Tunneling work on the corridor was expected to begin by October 2017. An estimated 6 million cubic metres of rubble was to be excavated during tunneling, which would be sent to quarries on the outskirts of Mumbai. The rubble included basalt rock of good quality that could be re-used in construction. Initial plans called for the rubble to be used for the foundation of the Shiv Smarak monument, and the proposed Mumbai coastal road project, but delays associated with the monument made this unlikely.

On 10 July 2018, the MMRDA announced that it had completed 5,100 metres of tunneling for the corridor within the first year since the project was initiated. Around 10 km of tunneling was completed by September 2018, and 20 km by February 2019. The MMRCL reported that 23.9 km of the 52 km tunnelling work had been completed by the end of March 2019, or about 45% of total tunnelling work. As of 17 December 2020, 91% of total tunneling work is complete.
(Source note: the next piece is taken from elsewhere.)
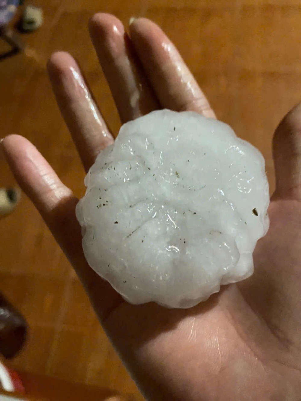 Mưa đá lớn dồn dập trút xuống trong đêm tạo ra những tiếng động kinh hoàng trên mái nhà. Nhiều người dân không khỏi ngỡ ngàng khi nhặt được những viên đá to bằng bàn tay.

On 19 March 2020, MMRCL announced that it has achieved its 27th breakthrough out of the planned 41 breakthroughs. The section between BKC and Dharavi also marked the First underwater tunnel across the Mithi River. Pending tunneling across the Mithi river between Dharavi and BKC was completed on 19 August 2020, marking 29th such breakthrough.

On 16 August 2019, Chief Minister Fadnavis revealed the model for the rolling stock for the Aqua Line and announced that the line would be called the Aqua Line as the exterior and interior of the train feature an aqua colour scheme. The first trial run of the metro line was flagged off Maharashtra Chief Minister Eknath Shinde and Deputy Chief Minister Devendra Fadnavis on the 3 km stretch between Sariput Nagar in Aarey Colony and Marol Naka stations on 30 August 2022.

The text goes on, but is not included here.